Saving Data with ASDF

Pyatoa stores data and processing results to PyASDF ASDFDataSets, which are seismological data structures built upon the HDF5 file format.

Data are stored as ObsPy or NumPy objects within the ASDFDataSet and can be easily retrieved for later processing.

Collections of ASDFDataSets can be read by the Inspector class to perform bulk misfit assessment.

To load an example dataset to play around with:

from pyatoa.scripts.load_example_data import load_example_asdfdataset

ds = load_example_asdfdataset()

Writing Data to a Dataset

Pyatoa stores data, metadata and processing results in ASDFDataSets. This can either be done manually, or automatically during a processing workflow.

Writing Data Manually

The write function of the Manager writes data to ASDFDataSets, including: observed waveforms, synthetic waveforms, station metadata, event metadata, misfit windows and adjoint sources.

from pyasdf import ASDFDataSet
from pyatoa import Manager

ds = ASDFDataSet("example.h5")
mgmt = Manager(ds=ds)
# ... some processing steps

mgmt.write(ds=ds)

The Config class can also write itself to a dataset, this must be done separate from the Manager write.

from pyatoa import Config

cfg = Config()
cfg.write(write_to=ds)

Writing Data Automatically

Prior to data gathering and processing with the Manager, you can set the Config parameter save_to_ds to tell a Manager to automatically save any data and processing results to the dataset (this is set True by default).

The Manager must be supplied a valid ADSFDataSet. See the data discovery page for automated data discovery routines.

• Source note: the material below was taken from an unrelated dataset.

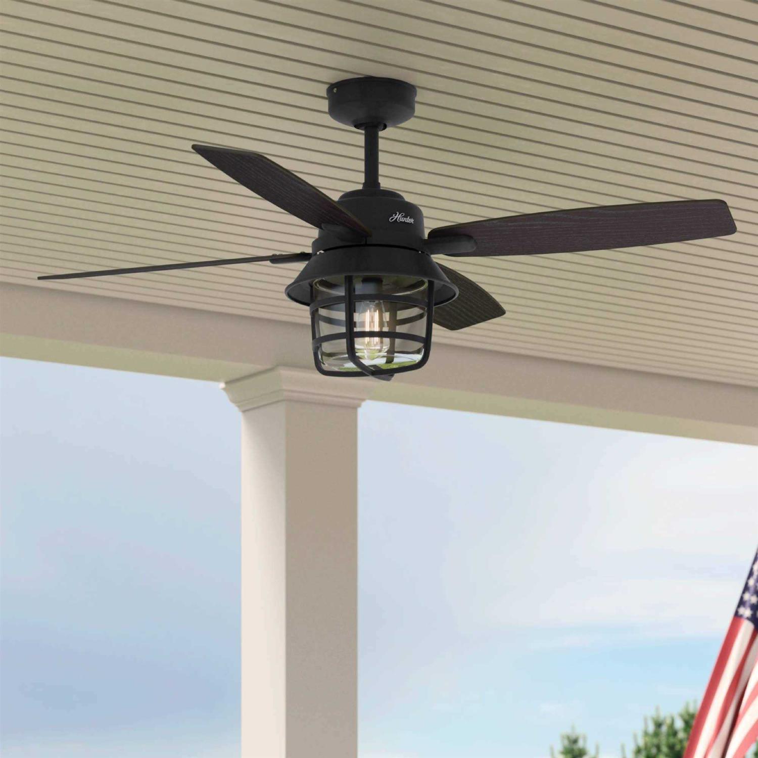 Powerful WhisperWind motor quietly generates optimal airflow using 3-speeds with reverse feature providing year round comfort. 3-speed remote control included with full-range light dimming with wall cradle doesnt include blade direction reversing. Reversible black willowwalnut stripe blades included that operate on a 13 pitch for maximum performance. 7-watt light fixture using one 7-watt medium base E-26 dimmable LED Edison style bulb included must be installed with light kit. Can be installed using the provided 2-in downrod for low or standard ceiling heights and also on a longer downrod for higher ceilings can accommodate angled ceilings up to 34. ETL Damp Listed for use in covered porches patios and sunrooms. Features stainless steel hardware to resist rust.
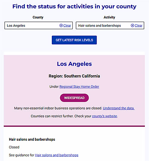 (上記COVID19.CA.GOVのリンクより、お住まいの地域の各アクティビティの状況を確認する事が出来ます。)

from pyatoa import Config, Manager
from pyasdf import ASDFDataSet

ds = ASDFDataSet("example.h5")
cfg = Config(save_to_ds=True, paths={...})  # paths set to local data
mgmt = Manager(ds=ds, config=cfg)
mgmt.gather()  # <- automatically stores gathered data to dataset
mgmt.standardize().preprocess()
mgmt.window()  # <- automatically stores misfit windows to dataset
mgmt.measure()  # <- automatically stores adjoint sources to dataset

Accessing Data from Datasets

This section details how to access waveforms, misfit results and metadata stored inside an ASDFDataSet.

See the PyASDF documentation for more information.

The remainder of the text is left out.